When in Japan, you have to balance Shinto with Buddhism, otherwise the other gods will get pissed off and throw a curse of bad garlic breath or a curse of inverse flat foot on you. It seems that all Japanese women suffer from it. First the missus noticed what sexy shoes Japanese girls tend to wear (I noticed that in general they have very sexy legs). Then turn around and she noticed most of them walking like Godzilla on a bad acid trip or perhaps a farmhand overloaded with kindling wood for the firepit. There is sure something to it. They do have extreme problems walking straight, twisting their feet inwards quite a lot, wobbling side to side like a cowboy after a long ride and such. Hmm... back to the sightseeing / religious monument description. Chonin Temple was next then, a would-be impressive place nearby Gyon, not for the fact it was being restored (and according to the utmost impressively planned schedule, the detailed Japanese are planning to restore it until 2019). But it had some impressive stairs which we had to climb. Oh how nice it must be to be me, since I actually don't feel muscle pain. Ever!

I want me one of those...
Afterwards we finally made it out to Gy-on, which was actually the entire purpose of coming to Kyoto for this period: Gyon matsuri, aka. the Gyon Festival, is an annual festival of history, food, geisha, maiko, kimono and all the other things that make Kyoto so unique. Hanging out for a few hours just walking the streets and gawking at pretty girls in kimonos was just what the doctor ordered. Add it to it slurping cold beer right on the street (yup, it's completely legal in Japan), munching on green tea ice cream or pear sorbet and you've got me a believer. It's just one of them festivals where there is not much to do except to look at things, eat way too much, drink booze and perhaps try to make friends.

Say "CHIIZU!"
I remember Nixon!

Lunch at a fast food gyoza place proved to be nice enough, but getting stuck in traffic on a bus while trying to reach the Inari Fushimi shrine was not so. What bonehead expected that we could actually get to the outskirts of town with the festival going on? Bleh... not even a honeymoon can go without stressful hitches, and my biggest pet peeve is wasting time while I should be having fun. Will have to work on it, won't we? Was the shrine with 10,000 gates worth it? Well, it was nice enough for sure, but I hate being rushed. So I can't say I appreciated it one hundred percent. Not even enough to post a photo.
My gratuitous schoolgirls in kimonos shot. Yup!

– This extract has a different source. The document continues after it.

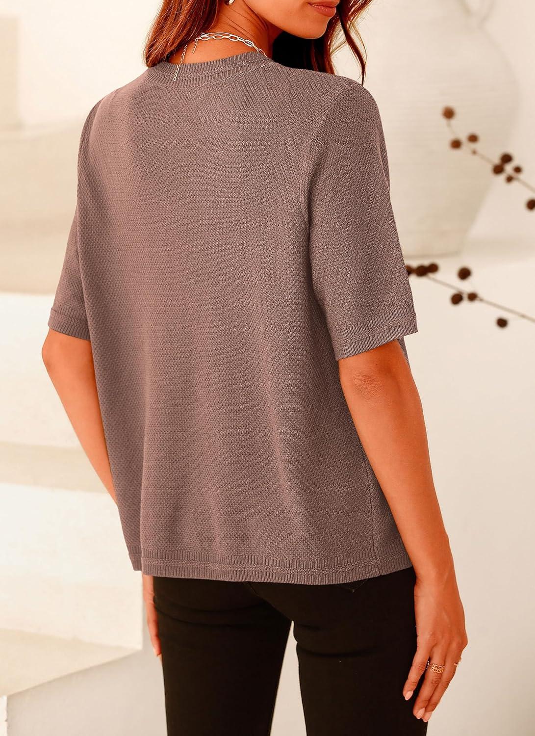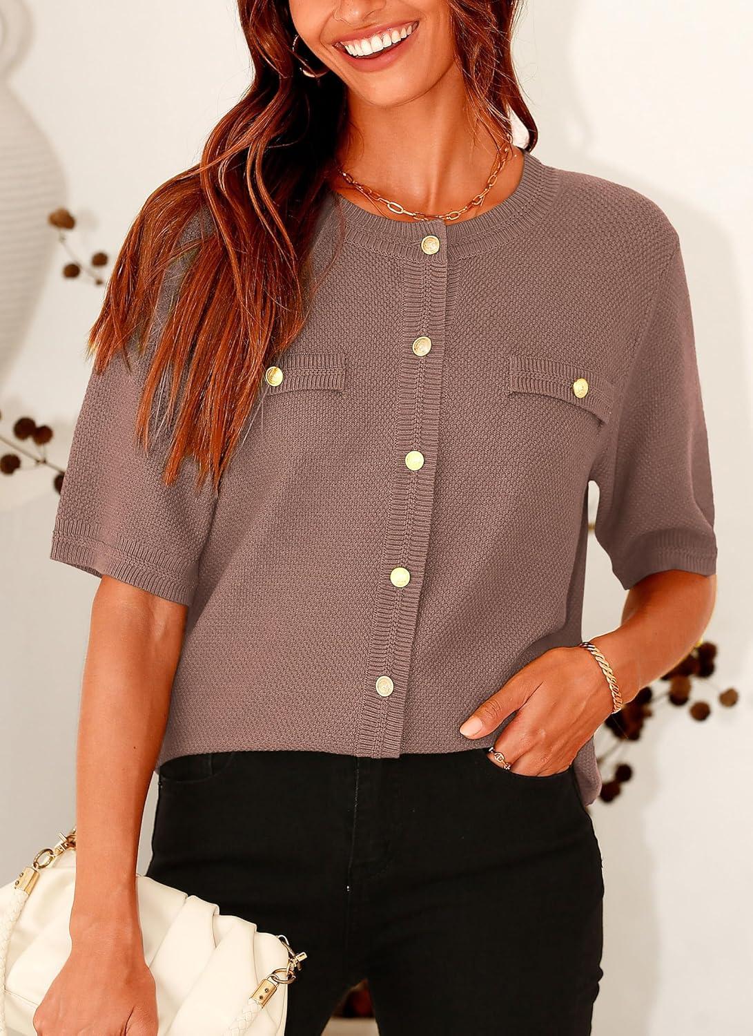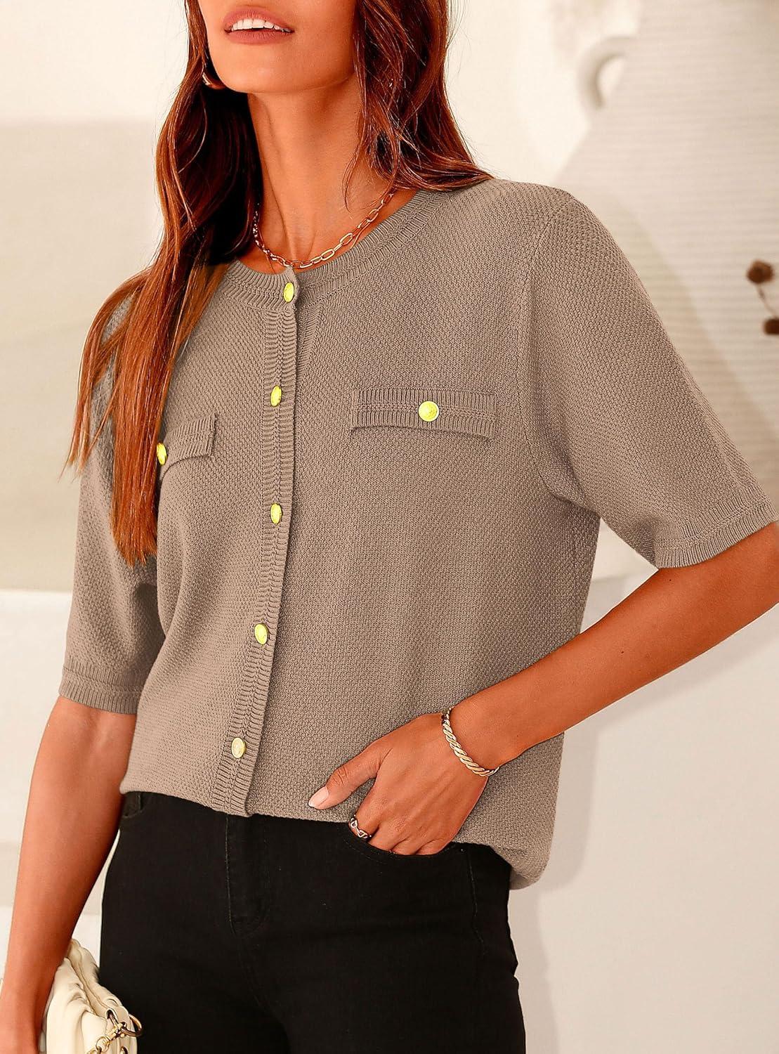 PRETTYGARDEN Women's Summer Button Down Shirts Casual Short Sleeve Crew Neck Ribbed Knit Blouse Top Cardigans(Khaki)

Headed back to the guesthouse, where while having a smoke outside actually met a maiko who was out for a cigarette (and apparently a man too). Just like Kris is being hit up for pictures for being a blondie white girl, I find it a repeating event that every time I linger in a smoking area for more than three minutes, some girl starts chatting to me. Is this why all these American boys participate in a JET program? That's Japanese English Teaching for you non-teachers. Will have to inquire about it. Oh shit... I'm married. I forgot for a moment. Gotto be careful, my wife's reading this too.